The Importance of HIV and AIDS Discussions: Tearing Down Ignorance

It's here: World AIDS Day 2013. I hope everyone has a chance to get out and get tested today. In honor of WAD2013, I would like to take a moment to blog about why this subject is so important to me and why I think it's so important for us to keep talking about it. Being a gay man, I can really only discuss this subject from that vantage point, so most of what I have to say is to other gay men, but being that HIV affects many more demographics, I equally encourage everyone to take this day seriously.

Over the past week, I've made sure to interject World AIDS Day into various conversations with my friends. I always make it a point to bring up AIDS and HIV when I can, if only to make sure that it's something people are thinking about. Occasionally, this will be met with glares and comments that say something to the effect of, "Why are you dragging everyone down?"

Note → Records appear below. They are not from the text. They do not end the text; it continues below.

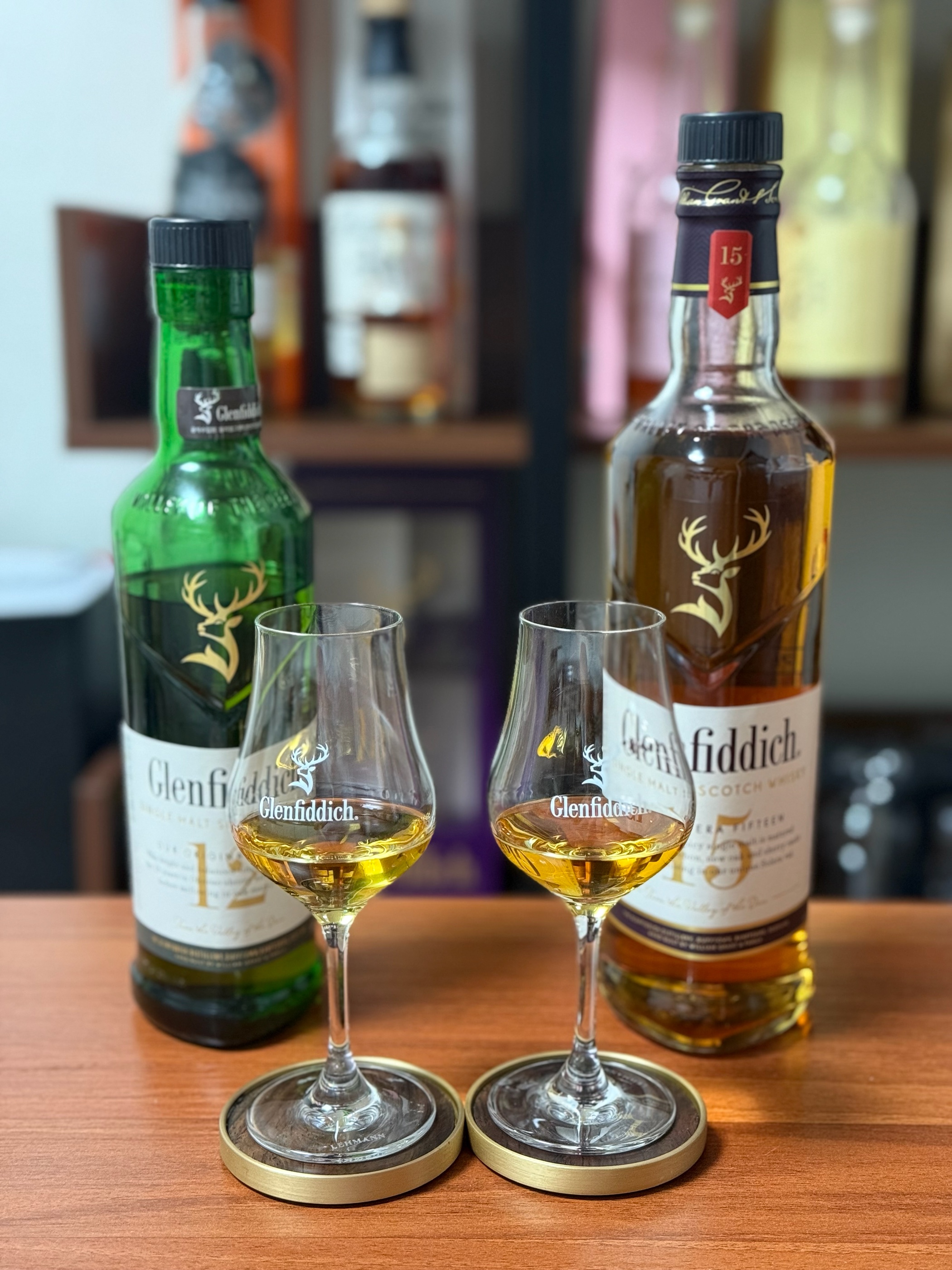 이마트에서 레만글라스 세트로 구입한 글렌피딕 15년 입니다. 소개 글렌피딕증류소15년 싱글몰트제품 입니다. 버번캐스크와 버진오크, 셰리캐스크 원액을 다른 큰 오크통(솔레라 벗)에 옮긴뒤 추가숙성을 진행하여 만들어집니다. * 버진오크는 새로운 오크통을 말합니다. 테이스팅 - 향 : 사과주스, 배, 진한 꿀, 몰티함, 아몬드, 건초, 캬라멜, 셰리의 꿉꿉함, 초콜릿 굉장히 화사하고 밝은 향을 가졌습니다. 청사과보다는 약간 사과주스같은 느낌이었고 서양배와 국산배 그 어딘가의 향이 있습니다. 전체적으로 진득한 꿀의 느낌이 강했고 약간 곡식이나 건초같은 향도 있습니다. 아몬드나 다른 견과류의 너티함, 카라멜, 약간의 셰리 뉘앙스가 잘 있고 어딘가 조금 초콜릿느낌도 있습니다. - 맛 : 캬라멜, 바닐라, 건포도, 청포도, 시럽, 꿀, 민트의 화사함 어딘가 청포도 스러우면서 건포도의 달콤함이 있고, 적당히 진한 바닐라와 시럽의 달콤함, 꿀의 달달함, 카라멜의 맛도 잘 가지고 있습니다. 전체적으로 달달하고 약간 후리보노같은? 민트같은 화사함이 있습니다. - 뒷 맛 : 오키함, 향신료의 스파이시, 꿀의 달콤함 뒤로 갈수록 오키함이 쭉 올라오며 어딘가 향신료의 스파이시함이 옵니다. 꿀의 달콤함이 긴 여운 안에서도 이어집니다. 12년과는 다른 긴 여운이 좋은 만족도를 이끌어 냅니다. 마치며 정말로 멋진 15년 싱글몰트제품입니다. 가격대비 너무나도 훌룡한데요. 향에서는 찾는재미가 상당히 좋았고 맛에서는 긴 여운이 첫맛에서 이끌어내지 못했던 만족도를 잘 채워줍니다. 호불호는 존재할 맛입니다만, 확실히 12년보다는 맛이 좋고 오프노트가 적었습니다. 돈값한다는게 이런게 아닐까요...^^ 청사과가 좋다면 12년을, 좀 더 벨런스가 좋은 달콤함은 15년을 마시면 좋겠네요. * 주관적인 느낌이 들어간 테이스팅 노트입니다.
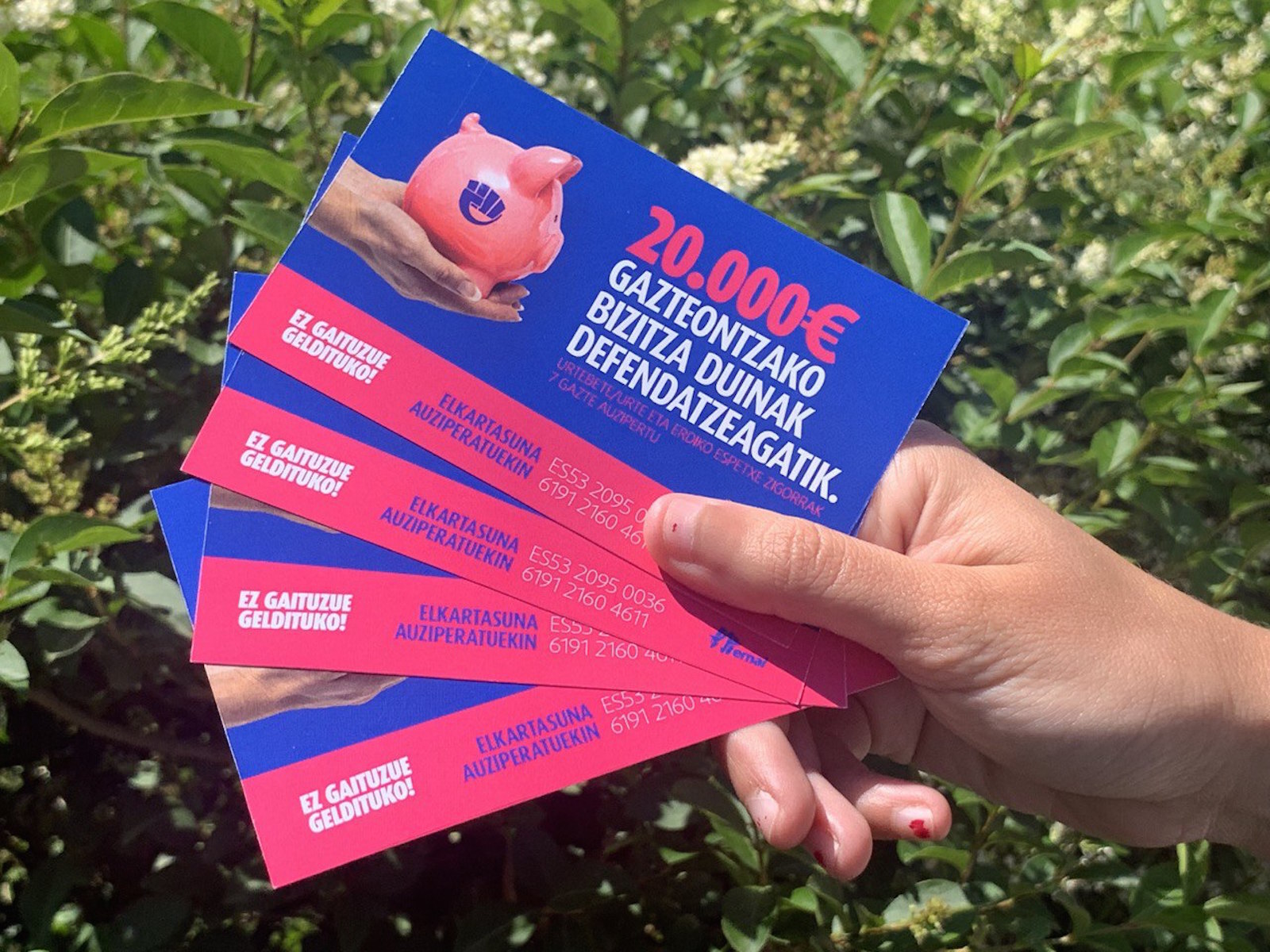 Hori dela-eta, kontu korronte bat ireki du gazte antolakundeak, herritarrek ekarpena egin dezaten: ES53 2095 0036 6191 2160 4611. Epaiketaren gastuetarako eta isun eta kalte ordainei aurre egiteko erabiliko dute bildutako dirua.
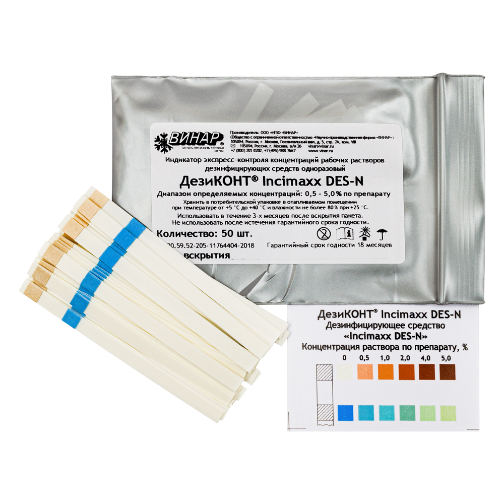 Индикатор экспресс-контроля концентраций рабочих растворов дезинфицирующего средства одноразовый ДезиКОНТ® Incimaxx DES-N, 50
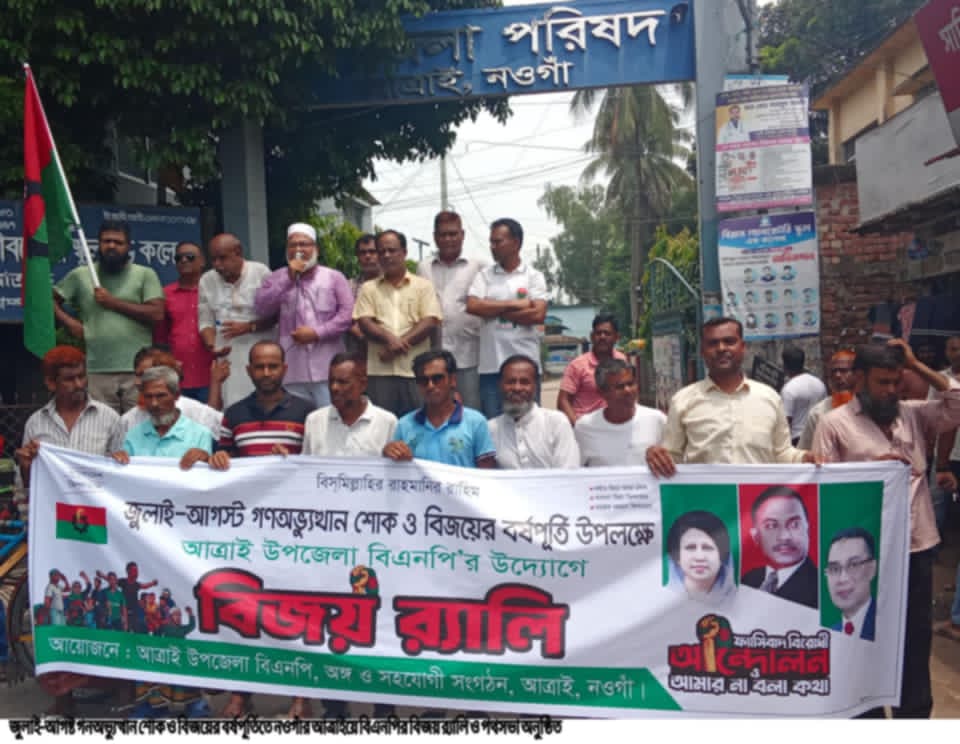 বিএনপির বিজয় র্যালি ও সংক্ষিপ্ত পথসভা অনুষ্ঠানে প্রধান অতিথি হিসেবে উপস্থিত ছিলেন ও বক্তব্য দেন উপজেলা বিএনপির সাধারণ সম্পাদক তসলিম উদ্দিন। উক্ত পথ সভায় আরো বক্তব্য রাখেন -নওগাঁ জেলা যুব দলের সিনিয়র যুগ্ম আহ্বায়ক কে এম রওশন, উপজেলা বিএনপি যুগ্ম সাধারণ সম্পাদক, আব্দুল মান্নান সরদার,সাংগঠনিক সম্পাদক, আবুবকর সিদ্দিক, কামরুল হাসান সাগর,যুবদলের সিনিয়র যুগ্ম আহ্বায়ক খোরশেদ আলম, যুগ্ম আহ্বায়ক পারভেজ ইকবাল,আশরাফুল ইসলাম লিটন, স্বেচ্ছাসেবক দলের আহ্বায়ক আবুল কালাম আজাদ।
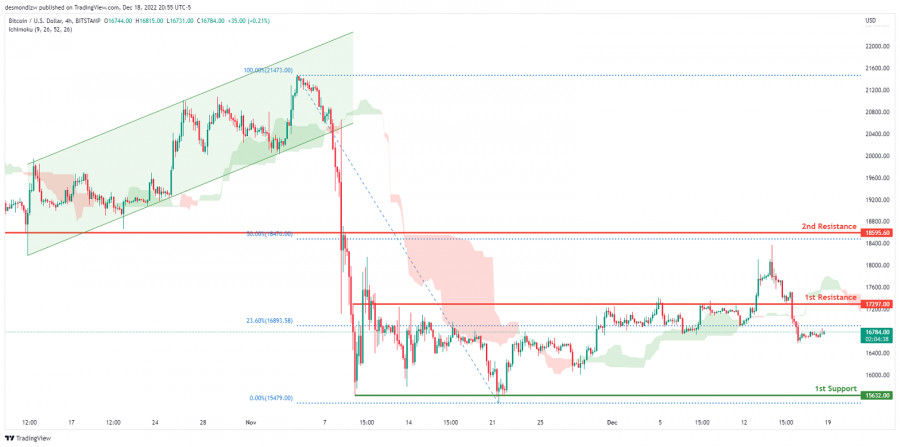 BTC/USD: ожидается усиление медвежьего импульса. Прогноз на 19 декабря 2022ИнстаФорекс - Instaforex, 2 года назад На 4-часовом графике пара BTC/USD торгуется в медвежьем тренде. В настоящее время цена находится ниже облака Ишимоку, что указывает на нисходящий импульс. Ожидается, что цена продолжит снижение к 1-му уровню поддержки 15632.00, соответствующему предыдущему уровню свинг-лоу. В альтернативном сценарии цена может направиться к 1-му уровню сопротивления 17297.00, где расположен уровень коррекции Фибоначчи 23.6%. Торговая рекомендация Вход: 17297.00 Условия для входа: повторное тестирование 1-го уровня сопротивления Тейк-профит: 15632.00 Условия для фиксации прибыли: предыдущий свинг-лоу Стоп-лосс: 18373.00 Условия для активации ордера стоп-лосс: последний уровень свинг-хай Материал предоставлен компанией InstaForex - www.instaforex.com |
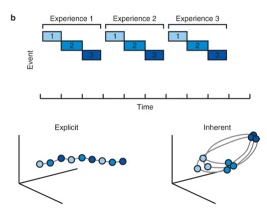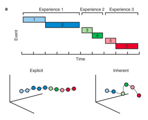 ○  编码时间有两种机制:显性机制(Explicit mechanism)与内在机制(Inherent mechanism)。a图中是一系列体验,每一段体验的持续时间不同,体验内容也不同。显性机制根据相同的时间刻度来表示时间流逝,持续时间相同的两段体验总是有着相同的活动变化,而不论每段体验中的事件数量。内在机制则根据体验到的事件来编码时间信息,即便两段体验的持续时间相同,如果体验的事件数量不同,那么活动变化也将不同。| 图片来源:Albert Tsao et al.
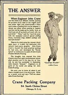 John Crane was founded in 1917 as Crane Packing Company. Before founding his company, engineer John Crane patented a flexible, lubricated metallic packing (#956,042) in 1910.[5] In 1915, Crane patented the manufacturing method for flexible metallic packing (#1,151,344). He discovered that wrapping his flex packing in metallic foil increased its longevity and kept the cylinders’ surface smooth and uniform. Frank Payne, a sales representative for the Warren Packing Company, recognized the potential of Crane’s innovation.[6]
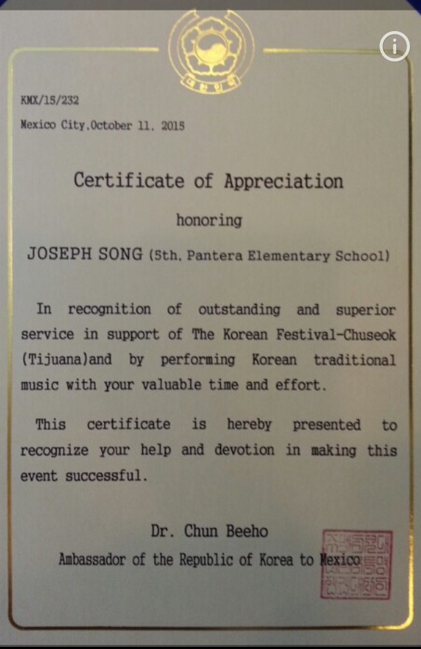 fullsizeoutput_5e December 16, 2017 • 610 × 939 From: Dr. Chun Beeho Ambassador of the Republic of Korea to Mexico. 2014 & 2015 Honored with Appreciation Award
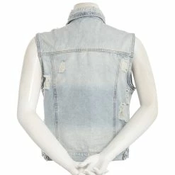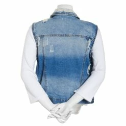 Best Pirce 🔥 Almost-Famous Clothing Juniors Almost Famous™ Destructed Denim Vest – Light Wash 🔥
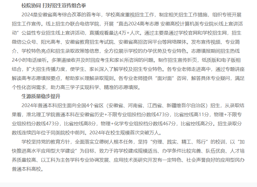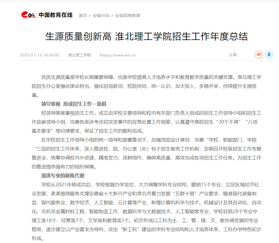 优质生源质量是学校长期重要保障,也是学校提高人才培养水平和教育教学质量的关键支撑。淮北理工学院招生办公室强化使命担当,强化招培联动、校院协同,统一认识、加大投入、多措并举,持续提升生源质量。对此,中国教育在线进行了报道:
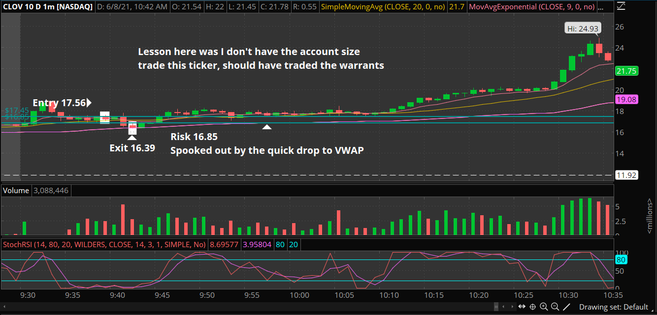 Right idea bad timing. I'm happy with setup and trade. Still working on my patience during a pull back. Found StockJock on YT thru MattDiamond on insta. Watched a bunch of his videos on YT about his CoC pattern and it's a pattern I notice quite frequently. Worked here just ended up getting spooked. Will continue to test.
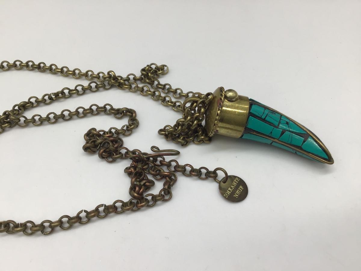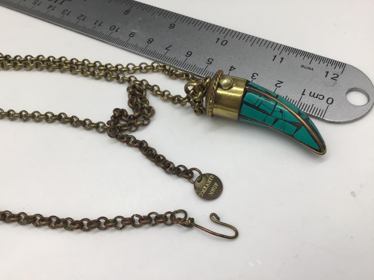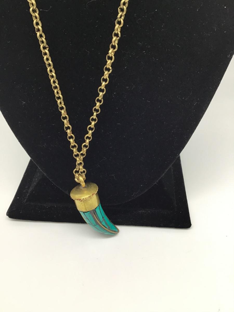 Soixante Neuf Horn Pendant Necklace Turquoise Inlay GoldTone
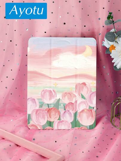 Ayotu 1pc Flower Case,With Pen Holder,Supports Automatic Sleep/Wake Lid,With Anti-Fall FunctionWith IPad - Multicolor - View 1

While I certainly understand that HIV and AIDS aren't the source of the most jovial of conversations, they're important to discuss. Too many times I've heard a friend or a peer say something ignorant about HIV and HIV+ people. An alarming number of these comments come from my gay peers, which is incredibly disheartening. Among these ignorant comments, I've heard:
What's the difference between AIDS and HIV?I've only ever had sex with people who tested negative, so I don't have to worry.Oh, I've never really thought about getting tested.I would never be in a relationship with an HIV+ person.Well, it's not my problem that other people weren't being responsible.I don't understand why my new boyfriend won't have unprotected sex with me. That's a trust issue. This is a small sampling of the sorts of comments that have left me perplexed and deeply concerned about people's education about HIV and AIDS. Just yesterday, a friend texted me about a conversation he was having with someone, where a gay man he was speaking with said that he only had unprotected sex with people who said they tested negative for HIV. Looking back on my sex life, I can recall only one person honestly disclosing their status to me, and it was someone that I really hadn't been planning on having sex with. Considering the number of partners I've had, I have no doubt that several of my sex partners lied about A) their actual status or B) even knowing their status. The truth is, there are a staggering number of gay men who just aren't getting tested. I recent statistic from the CDC, about 60% of young people with HIV don't even realize that they are infected. And seriously...who isn't going to say that they're negative if they want to get some booty? After all, if they haven't found out they're positive, doesn't that make them negative? No. It makes them incredibly irresponsible and representative of one of the insidious ways that HIV continues to spread. In fact, several people I know who are currently positive contracted HIV from someone that they trusted.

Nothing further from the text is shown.